Given our late(ish) start, we stopped for an early packed lunch amongst the warbling magpies at a little picnic area at the 14km mark on our way into Mount Wilson. Back on the road for another 10km, we arrived at Mount Irvine where the road transitions immediately into a lush gravel surface, protected by a national park gate, keeping the cars at bay. The road is ours! 

The descent down Bowens Creek Rd is glorious, starting as a wide fire trail, but slowly converging into super fun (and occasionally technical) single track, traversing the ridge-line with beautiful views across Wollemi National Park (and a very pointless fence giving a false sense of security from the very steep drop).

After descending Mount Irvine, the trail meets Bowens Creek, and an old timber bridge which was sadly destroyed during the December 2019 bushfires. The local council(s) are currently in discussions to approve funding to restore the bridge, however in the meantime it is still possible to push your bike down to the creek and cross by foot (you may need to remove your shoes). Alternatively, a bypass route is provided, linked in the disclaimer above. 

On the other side of the creek, a road once frequented by 4WDs has been reclaimed by the bush, with narrow single track and fallen trees creating what is almost a tunnel through the undergrowth. Only a few more kilometres of this however, and we arrive back on Bells Line of Rd.

Campsite one – Upper Colo Reserve Campground

We ride through Bilpin, then along the relatively flat and quiet Mountain Lodge Rd towards Mountain Lagoon. The tarmac transitions back into dirt for an immensely fun 10km/600vm descent down to the Colo River, where we arrive at Upper Colo Reserve campground.

Upper Colo Reserve varies in busy-ness throughout the year, however there is plenty of space to find a secluded campsite near the river’s edge.
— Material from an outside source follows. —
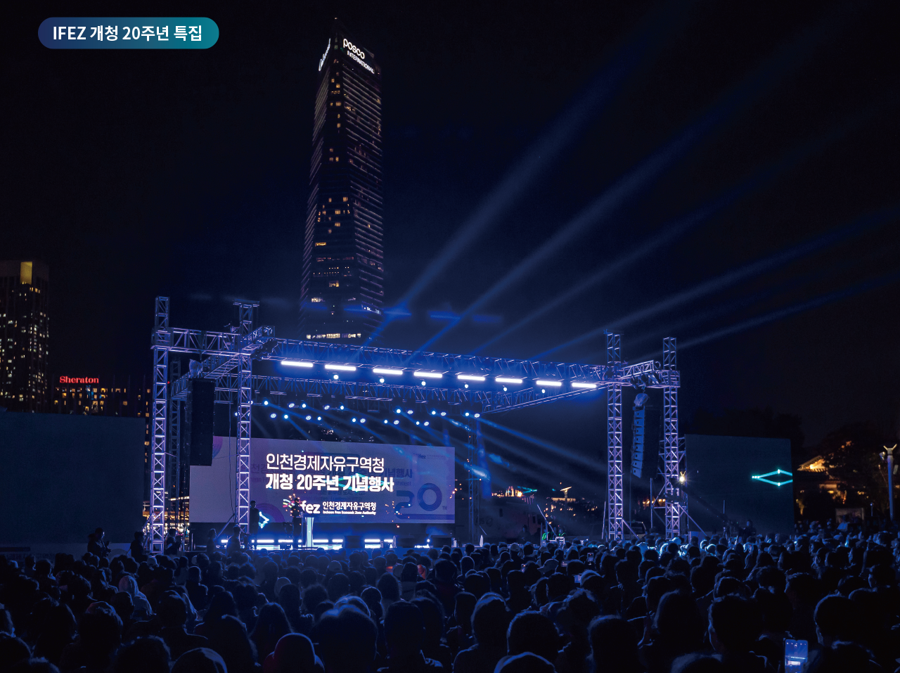 10월 15일, IFEZ 개청 20주년을 맞아 송도 센트럴파크 UN광장에서 기념행사가 열렸다. 시민 3천여 명이 찾은 이번 행사에서 IFEZ의 20주년을 축하하며 앞으로의 20년을 기약했다.
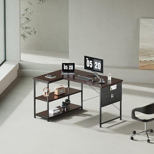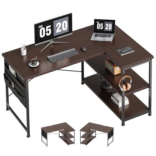 デスク l字デスク 机 pcデスク右棚左棚 幅107cm 勉強机 桌子 作業机 学習机 収納袋付き ダークブラウン

Fires lit, tent pitched, beers consumed followed by a dip in the Colo River, it’s a great way to either end or start the day. Be sure to wander down, barefoot onto the pristine soft sand, regardless of whether you intend to swim or not.

Leaving camp mid-morning, we ascend Colo Heights Rd and cut across Putty Rd onto Wheelbarrow Ridge Rd. Make sure you stop for an obligatory photo op with the Red Rooster sign. The tarmac continues just a little longer before the gravel takes over, leading us on a gradual descent into a trail through more beautiful bushland.

Eventually we are fed onto Bicentenary Rd, which is pretty much textbook gravel-descent finery. This brings us to our first ferry. Just a couple of minutes to cross the Hawkesbury, we roll into the Wisemans Inn Hotel where burgers and hops-based sports drinks are devoured.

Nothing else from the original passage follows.